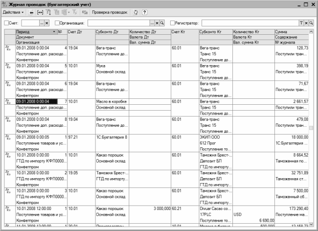 Чтобы просмотреть результат проведения документа по учету, выполните в окне редактирования команду Действия ▶ Результат проведения. В результате откроется журнал бухгалтерских проводок с автоматически примененным фильтром по текущему документу.
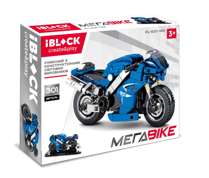 Іграшка конструктор IBLOCK арт. PL-920-184, мотоцикл, 301 дет., у коробці 28*21*5,5 см
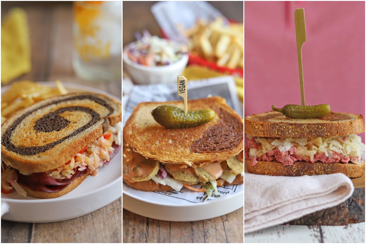 Much like the non-vegan selection, plant-based reubens have a tempting mixture of briny cabbage, creamy dressing, and a toothsome filling.
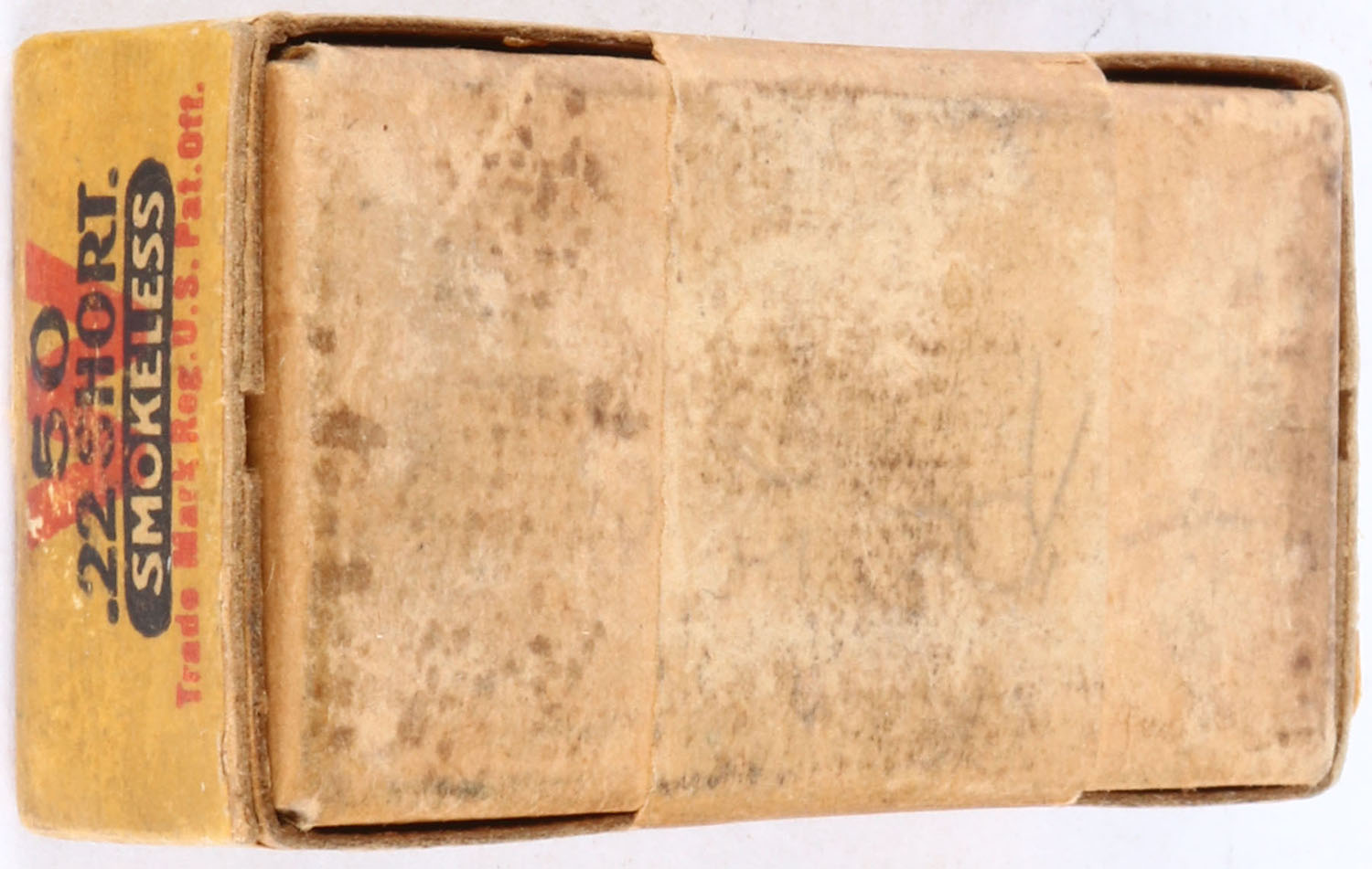 Winchester, Smokeless Rifle Cartridges, .22 Short, RR: WRA-57 S-24e, FULL & SEALED, 2pc. Buff box with green top & orange side sealing labels, box is solid with very good to excellent color, some age soiling, minor shelf wear, very minor edge & corner wear, labels are intact. Grade: Excellent - Value: 50 to 150

## YOUR OBJECTIVE
The copy should run from the first line of the material above through the line with "Іграшка конструктор IBLOCK", repeated exactly and without pictures.

## ANSWER TO THIS TASK
 Чтобы просмотреть результат проведения документа по учету, выполните в окне редактирования команду Действия ▶ Результат проведения. В результате откроется журнал бухгалтерских проводок с автоматически примененным фильтром по текущему документу.
 Іграшка конструктор IBLOCK арт. PL-920-184, мотоцикл, 301 дет., у коробці 28*21*5,5 см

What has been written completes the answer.